**Dataset**.
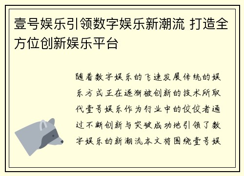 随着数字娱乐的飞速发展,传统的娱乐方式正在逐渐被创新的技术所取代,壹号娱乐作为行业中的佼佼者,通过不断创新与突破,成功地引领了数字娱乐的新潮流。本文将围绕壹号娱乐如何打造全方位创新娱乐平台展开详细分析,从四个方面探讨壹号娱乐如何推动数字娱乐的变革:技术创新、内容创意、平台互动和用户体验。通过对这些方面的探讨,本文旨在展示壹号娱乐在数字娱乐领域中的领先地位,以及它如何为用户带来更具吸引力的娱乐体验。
==
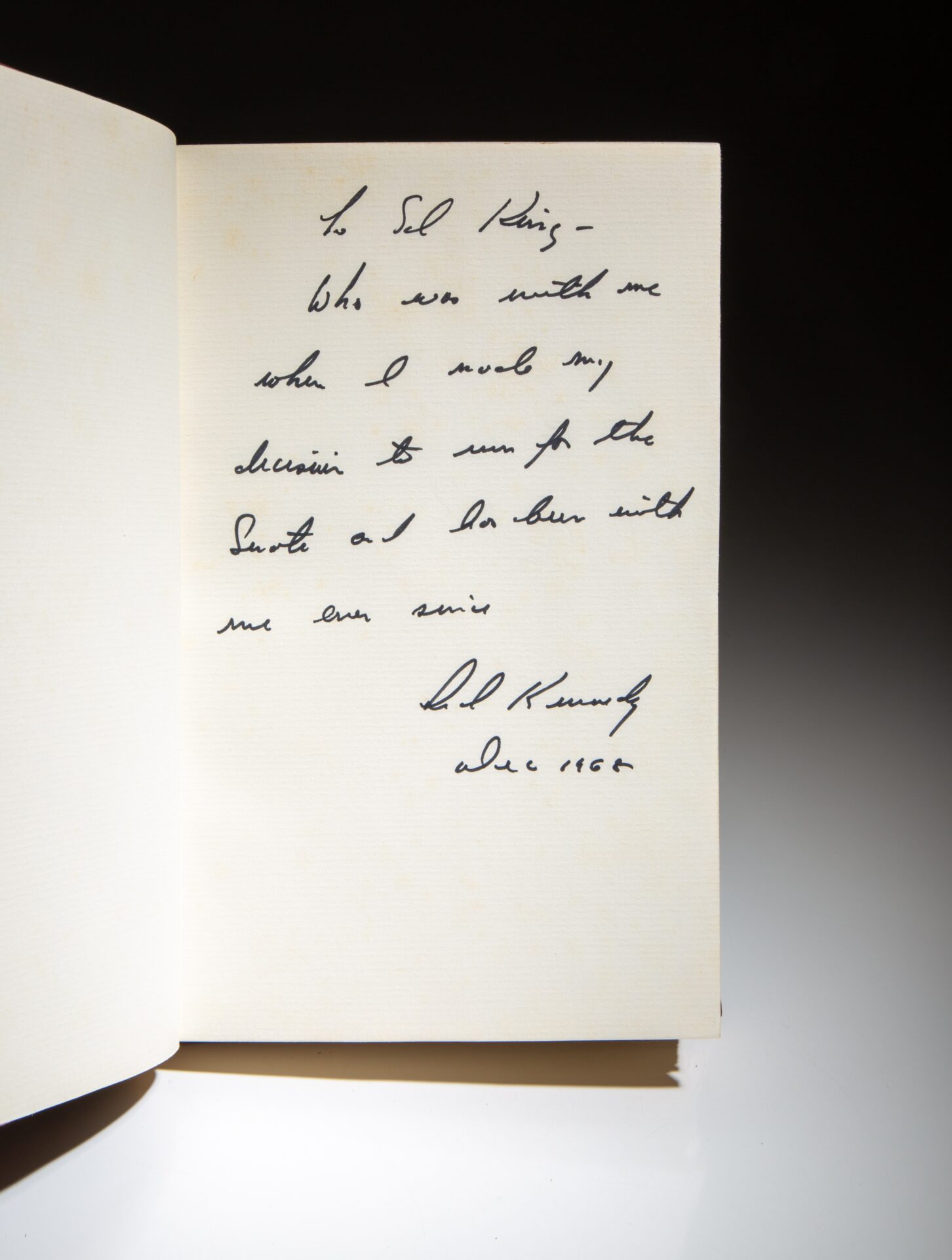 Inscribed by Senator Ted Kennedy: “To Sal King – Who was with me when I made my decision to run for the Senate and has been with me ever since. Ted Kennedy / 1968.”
...
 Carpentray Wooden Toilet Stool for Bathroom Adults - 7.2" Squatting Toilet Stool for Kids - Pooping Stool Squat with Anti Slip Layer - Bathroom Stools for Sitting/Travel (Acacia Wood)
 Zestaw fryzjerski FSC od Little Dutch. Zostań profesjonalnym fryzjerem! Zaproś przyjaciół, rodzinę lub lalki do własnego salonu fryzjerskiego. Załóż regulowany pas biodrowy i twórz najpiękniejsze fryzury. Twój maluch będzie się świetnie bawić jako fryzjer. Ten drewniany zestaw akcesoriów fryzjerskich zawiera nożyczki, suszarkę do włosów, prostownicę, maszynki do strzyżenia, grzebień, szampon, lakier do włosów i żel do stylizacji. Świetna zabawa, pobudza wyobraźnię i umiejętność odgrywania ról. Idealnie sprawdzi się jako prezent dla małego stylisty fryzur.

**Required action**.
Everything from the line with "Carpentray Wooden Toilet" through the line with "Zestaw fryzjerski FSC" in the listing above must be retyped exactly, with nothing added.

**Solution**.
 Carpentray Wooden Toilet Stool for Bathroom Adults - 7.2" Squatting Toilet Stool for Kids - Pooping Stool Squat with Anti Slip Layer - Bathroom Stools for Sitting/Travel (Acacia Wood)
 Zestaw fryzjerski FSC od Little Dutch. Zostań profesjonalnym fryzjerem! Zaproś przyjaciół, rodzinę lub lalki do własnego salonu fryzjerskiego. Załóż regulowany pas biodrowy i twórz najpiękniejsze fryzury. Twój maluch będzie się świetnie bawić jako fryzjer. Ten drewniany zestaw akcesoriów fryzjerskich zawiera nożyczki, suszarkę do włosów, prostownicę, maszynki do strzyżenia, grzebień, szampon, lakier do włosów i żel do stylizacji. Świetna zabawa, pobudza wyobraźnię i umiejętność odgrywania ról. Idealnie sprawdzi się jako prezent dla małego stylisty fryzur.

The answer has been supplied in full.